Regularity of the score and convergence rates of diffusion models
Abstract: We show that the score function naturally adapts to the regularity of the data distribution. This result can be applied to the stability of diffusion models and provide a short proof of their minimax optimality.
Renata Turkes
Shoving tubes through shapes gives a sufficient and efficient shape statistic
The classical persistent homology transform was introduced in the field of topological data analysis about 10 years ago, and has since been proven to be a very powerful descriptor of Euclidean shapes. The transform sends a shape X to the map associating to each direction v on the sphere S^{n-1} the persistent diagram with respect to the height function h_v. The transform has been shown to be injective (it is a sufficient shape statistic: probing a shape from each direction completely describes it), and for each shape it gives a continuous map from the sphere to the space of persistence diagrams.

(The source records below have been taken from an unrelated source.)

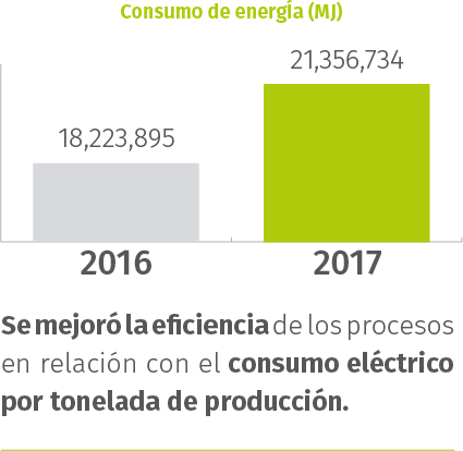 Con el fin de reducir cada vez más los consumos de energía, durante 2017 se instalaron Skylights en el área de mezclado y lámparas LED, además de que se actualizaron las lámparas de emergencia de bajo consumo de electricidad.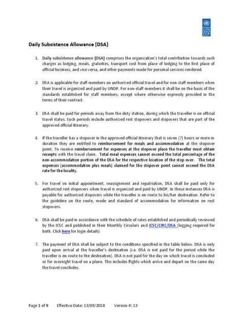 Eligibility for DSA generally extends to employees, government officials, consultants, and other individuals who are required to travel for work-related activities. The criteria for eligibility usually include pre-approval for travel, submission of a travel request or authorization, and adherence to the organization’s travel policy. It’s crucial to understand these eligibility requirements to avoid any misunderstandings or issues with reimbursement. Organizations often require documentation such as receipts for accommodation or other significant expenses to support the DSA claim, ensuring accountability and transparency.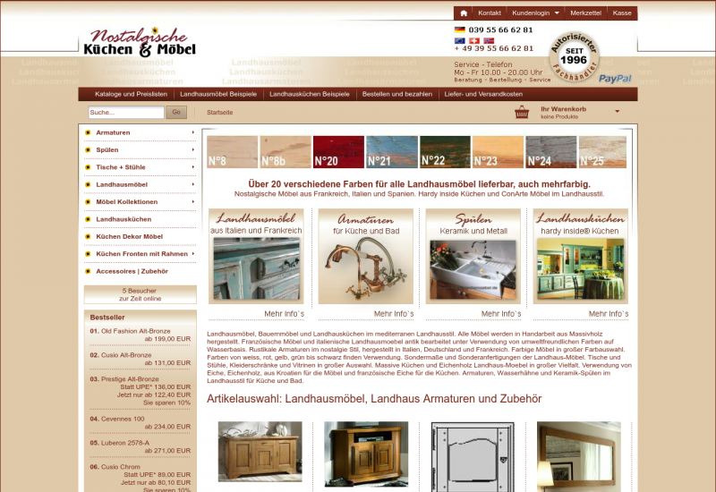 Handgefertigte Vollmassivholz-Möbel, antikbearbeitete Küchen und Möbel, sowie passendes Zubehör wie Keramikspülen und nostalgische Armaturen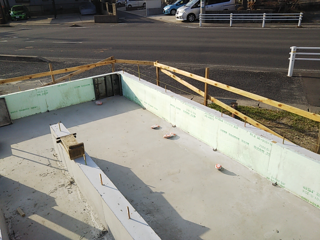 基礎の内周部には型枠を建てる時に同時に仕込んでおいた基礎断熱材が張り付いています。コンクリートの接着性能により、基礎とピッタリと貼りつき、床下の断熱性能を高めます。

We introduce a generalised persistent homology transform (PHT) in which we consider arbitrary parameter spaces, and any filtration functions. In particular, we define the "distance-from-flat” PHT, where the parameter space is the Grassmannian AG(m,n) of affine subspaces of R^n, and the filtration functions d_P encode the distance from a given flat P.
We prove that this version retains continuity and injectivity, while offering computational advantages over the classical PHT. In particular, homology in degree 0 suffices for the injectivity of the distance-from-line, so-called tubular, PHT, yielding an efficient tool that can outperform top neural networks in shape classification.
Authors: Adam Onus, Nina Otter, Renata Turkes
Statistical analysis of empirical graph Laplacians
Laplacian Eigenmaps and Diffusion Maps are nonlinear dimensionality reduction methods that use the eigenvalues and eigenvectors of (un)normalized graph Laplacians. Both methods are applied when the data is sampled from a low-dimensional manifold, embedded in a high-dimensional Euclidean space. In addition, higher-order generalizations of graph Laplacians (so-called Hodge Laplacians) allow to deduce more sophisticated topological information. From a mathematical perspective, the main problem is to understand these empirical Laplacians as spectral approximations of the Laplace-Beltrami operators on the underlying manifold.
In this talk, we will first study graph Laplacians based on i.i.d. observations uniformly distributed on a compact submanifold of the Euclidean space. In our analysis, we connect these empirical Laplacians to kernel principal component analysis. This leads to novel points of view and allows to leverage results for empirical covariance operators in infinite dimensions. We will then discuss higher-order generalizations of graph Laplacians, and show how they are connected to Hodge theory on Riemannian manifolds.